In the best of all possible worlds, the mutation of interest will have occurred spontaneously within a strain of mice that is already inbred. In this case, one can be reasonably confident that the mutant animal differs at only a single locus from non-mutant animals of the same strain. If the mutation allows homozygous viability and fertility, it can be propagated as a strain unto itself by inbreeding offspring from the original mutant animal. 16 If the mutation cannot be propagated in the homozygous state, it will be maintained by continuous backcrossing of heterozygous animals to the original inbred strain. In both cases, the new mutant strain is considered coisogenic because its genome is identical (isogenic) to that of its sister strain except at the mutant locus. In the past, coisogenic strains could only be obtained by luck when a spontaneous mutation happened to occur within an inbred strain. Today, one can initiate the production of coisogenic strains at any cloned locus through the use of the gene targeting technology described in Section 6.4.

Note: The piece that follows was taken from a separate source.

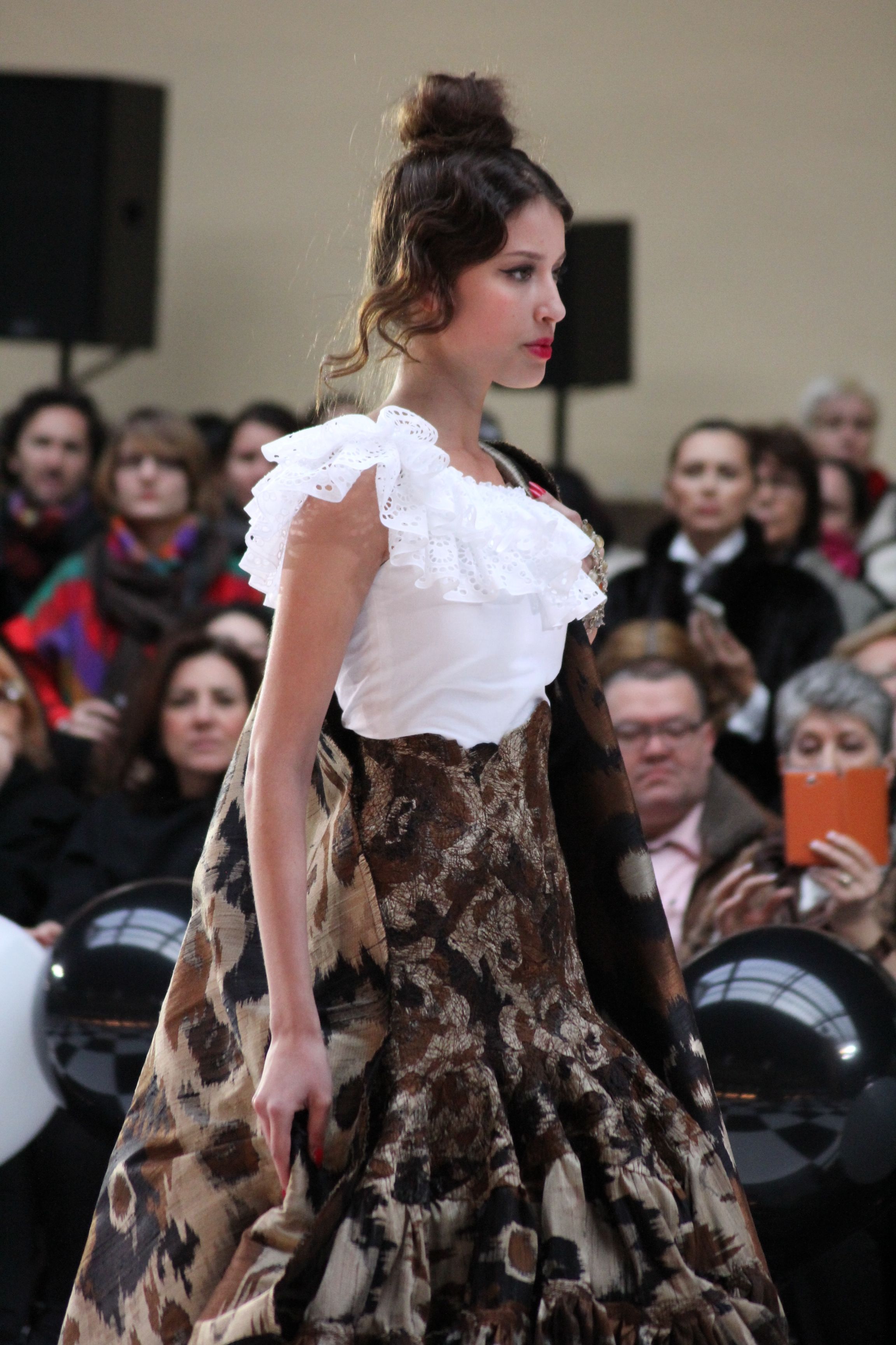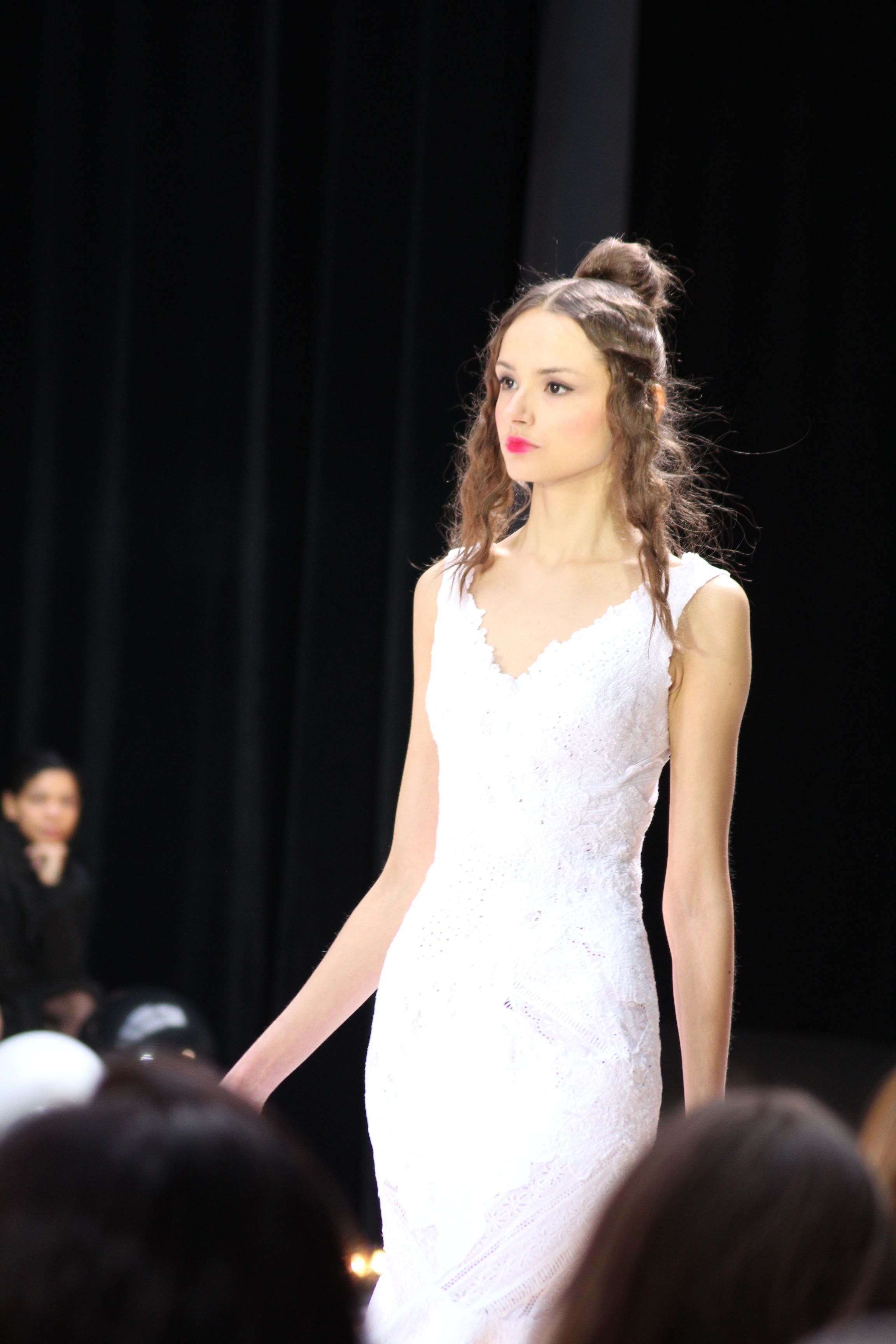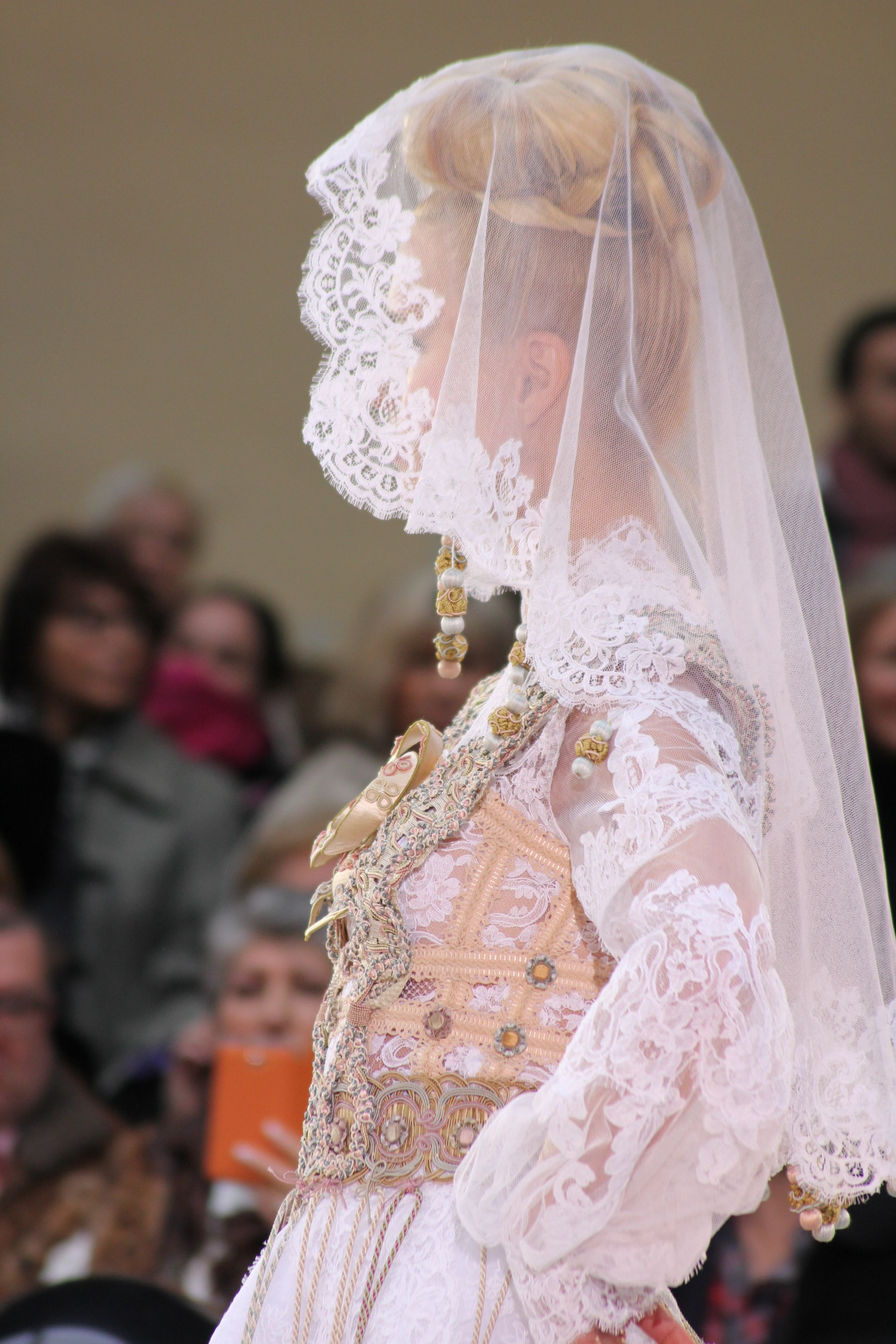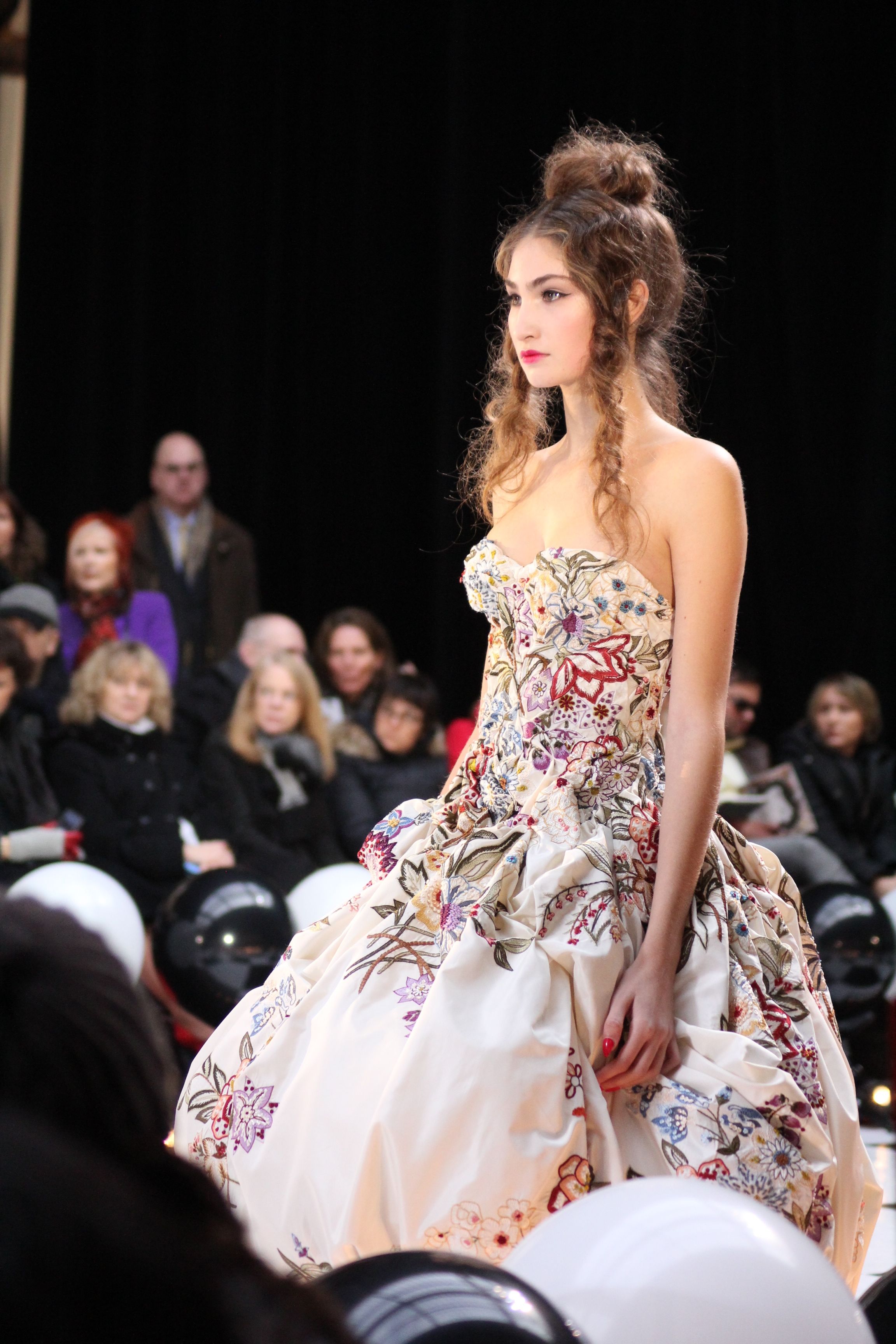 Pour finir « Russie des Contes », la Femme Franck Sorbier rentrée dans le corps d’une mariée russe revisitée, entièrement brodée de dentelle et de tulle, ornée avec sublimation, défile sous nos yeux admiratifs de cet art.

Coisogenic strains are named with a compound symbol consisting of two parts separated by a hyphen: the first part is the full or abbreviated symbol for the original inbred strain; the second part is the symbol for the mutation or variant allele. If the mutation is maintained in a homozygous state within the coisogenic strain, the mutant symbol is used alone; if the mutation is maintained in a heterozygous state, the +/m genotype symbol is used (where m is the mutation). For example: if the mutation nude (nu) appeared in the BALB/cJ strain, and the new coisogenic strain was homozygous for this mutation, its complete symbol would be [BALB/cJ-nu]; if the semidominant lethal mutation T appeared in the C57BL/6J strain, and the new coisogenic strain was maintained by backcrossing to the parental strain, its symbol would be [B6-T/+].

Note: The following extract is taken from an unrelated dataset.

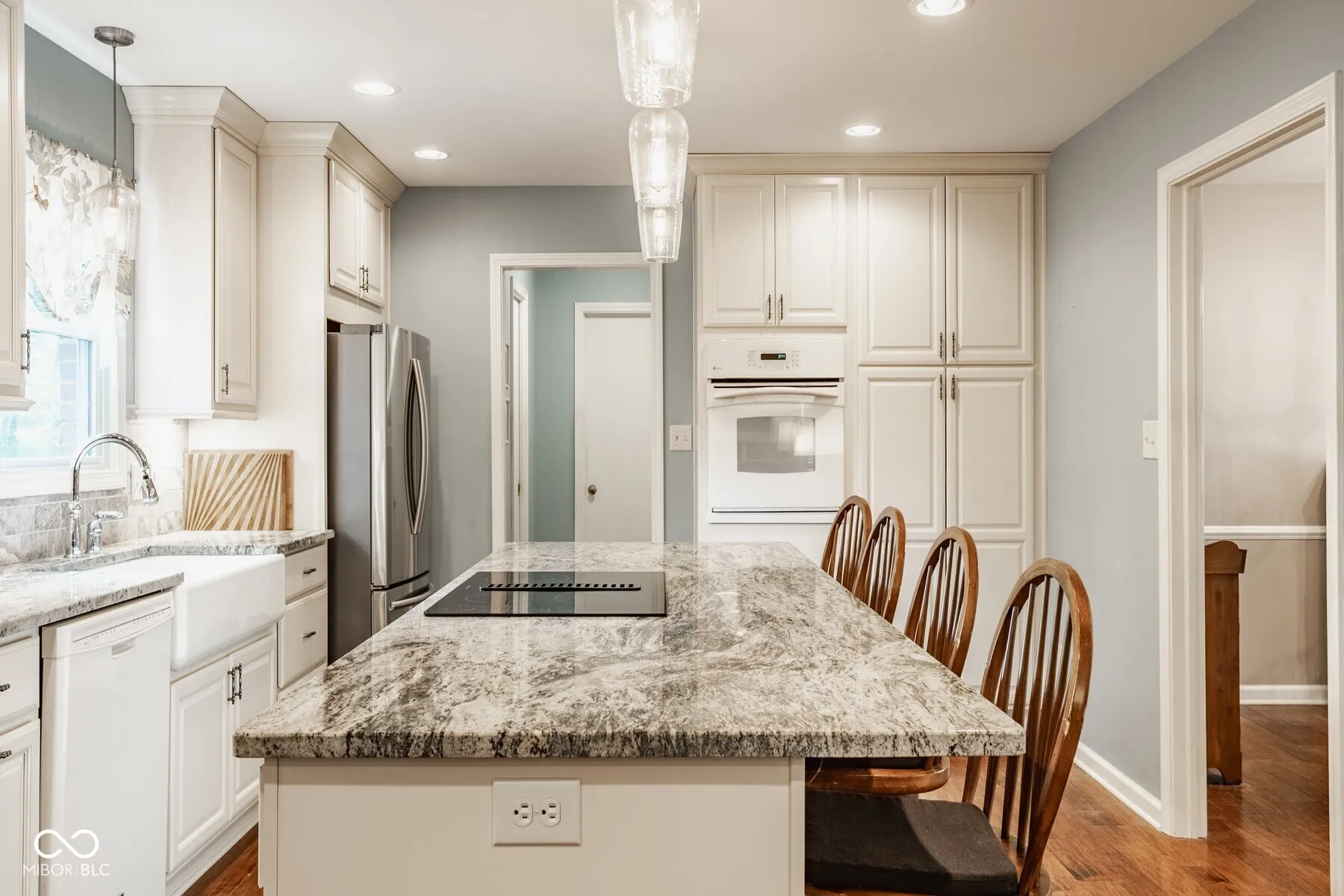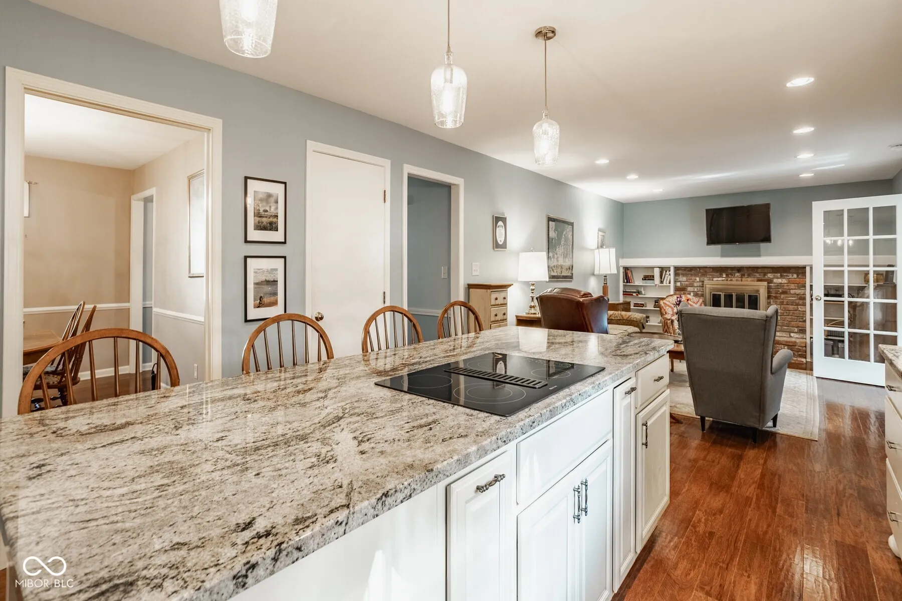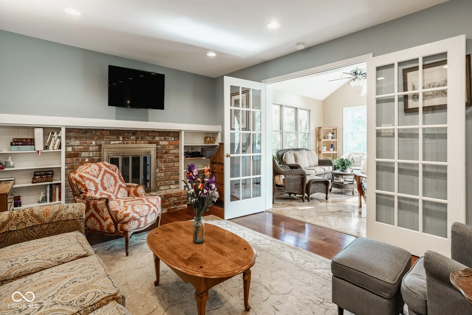 Welcome home to 10155 Briar Creek Lane, where classic charm blends with thoughtful updates on a spacious cul-de-sac lot in Carmel’s coveted Woodlands neighborhood. Enjoy valuable amenities and easy living with access to a community pool and tennis/pickleball courts, paired with convenient proximity to top-rated schools, shopping, dining, parks, and recreation. Inside this beautiful 4 bedroom/2.5 bathroom residence, a light-filled layout offers open sightlines and multiple gathering spaces. The updated kitchen features a 4-seater island, granite countertops, and custom white cabinetry. Connect seamlessly into a cozy living room with a brick fireplace and built-in bookshelves. A showcase, vaulted sunroom with 9 large windows and travertine tiled floors overlooks a vast, fully-fenced green backyard complete with a deck. The main level also includes a dedicated laundry room, half bath, and generous living and dining rooms ideal for everyday living and entertaining. Upstairs, the primary suite offers ample closet space and an updated vanity and shower. Three additional bedrooms with large closets and a full hall bath provide versatility for family, guests, or a home office. An unfinished basement offers excellent storage and potential for future living space. Additional highlights include landscaping, a two-car garage, and an oversized driveway with a basketball goal. Lovingly cared for and curated, 10155 Briar Creek Lane is ready for you.

A large number of mouse mutations and variants with interesting phenotypic effects have been identified and characterized over the last 90 years. Most of these mutations were not found within strains that were already inbred and, to date, most of the genes that underlie these mutations remain uncloned. Thus, in all of these cases, coisogenicity is not a possibility. However, even when a gene has been cloned, and the generation of a coisogenic mutant through the gene targeting technology is a possibility, this approach is still extremely tedious and, at the time of this writing, there is no guarantee of a successful outcome. There are other reasons why spontaneous mouse mutations are often important even when the gene underlying the mutation has been cloned. The spontaneous mutation may not be a "knockout" but instead may exert a more subtle effect on gene function which could provide special insight into the action of the wild-type allele. Furthermore, the phenotypic effects of many older mutations have been studied in tedious detail by classical embryologists and other scientists, and it can be advantageous to a contemporary scientist to build upon these classical studies.
The "low-tech" solution to the elimination of genetic background effects in the analysis of an established mutation, or any other genetic variant, is to use breeding protocols, rather than molecular biology, to generate strains of mice that approximate coisogenics to the greatest extent possible. Mice that have been bred to be essentially isogenic with an inbred strain except for a selected differential chromosomal segment are called congenic strains. The conceptual basis for the development of congenic mice was formulated by George Snell at the Jackson Laboratory during the 1940s and it led to the first and only Nobel Prize for work strictly in the field of mouse genetics.
Snell was interested in the problem of tissue transplantation. Long before 1944, it was known that tissues could be readily transplanted between individuals of the same inbred strain without immunological rejection, but that mice of different strains would reject tissue transplants from each other. Although these observations were a clear indication of the fact that genetic differences were responsible for tissue rejection, the number and types of genes involved remained entirely unknown. In absentia, these genes were named histocompatibility (or H) loci. The assumption was that the histocompatibility genes were responsible directly or indirectly for the production of tissue (or "histological") markers that could be distinguished as "self" or "non-self" by an animal's immune system. If transplanted tissue and a host recipient carried identical genotypes at all H loci, there would be no immunological response and the transplant would "take." However, if a single foreign allele at any H locus was present in the tissue, it would be recognized as foreign and attacked.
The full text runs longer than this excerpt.